[Material for this exercise]
::::::
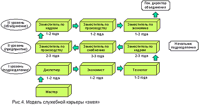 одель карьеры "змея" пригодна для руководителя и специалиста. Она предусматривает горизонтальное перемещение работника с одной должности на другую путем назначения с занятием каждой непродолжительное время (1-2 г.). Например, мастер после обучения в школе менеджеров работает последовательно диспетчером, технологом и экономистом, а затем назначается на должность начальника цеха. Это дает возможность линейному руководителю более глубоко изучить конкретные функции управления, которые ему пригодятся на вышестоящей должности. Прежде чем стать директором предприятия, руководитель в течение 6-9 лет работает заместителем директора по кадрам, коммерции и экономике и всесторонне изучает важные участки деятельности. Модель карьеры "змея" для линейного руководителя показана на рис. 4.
::::::
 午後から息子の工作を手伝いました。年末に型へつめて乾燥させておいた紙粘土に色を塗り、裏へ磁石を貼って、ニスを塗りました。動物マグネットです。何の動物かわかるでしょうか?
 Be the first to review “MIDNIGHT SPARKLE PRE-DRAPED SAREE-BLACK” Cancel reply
::::::
[Task brief]
A word-for-word copy of the lines above from the one with "午後から息子の工作を手伝いま" through the one with "Be the first", inclusive, is the only output wanted.

[Result]
 午後から息子の工作を手伝いました。年末に型へつめて乾燥させておいた紙粘土に色を塗り、裏へ磁石を貼って、ニスを塗りました。動物マグネットです。何の動物かわかるでしょうか?
 Be the first to review “MIDNIGHT SPARKLE PRE-DRAPED SAREE-BLACK” Cancel reply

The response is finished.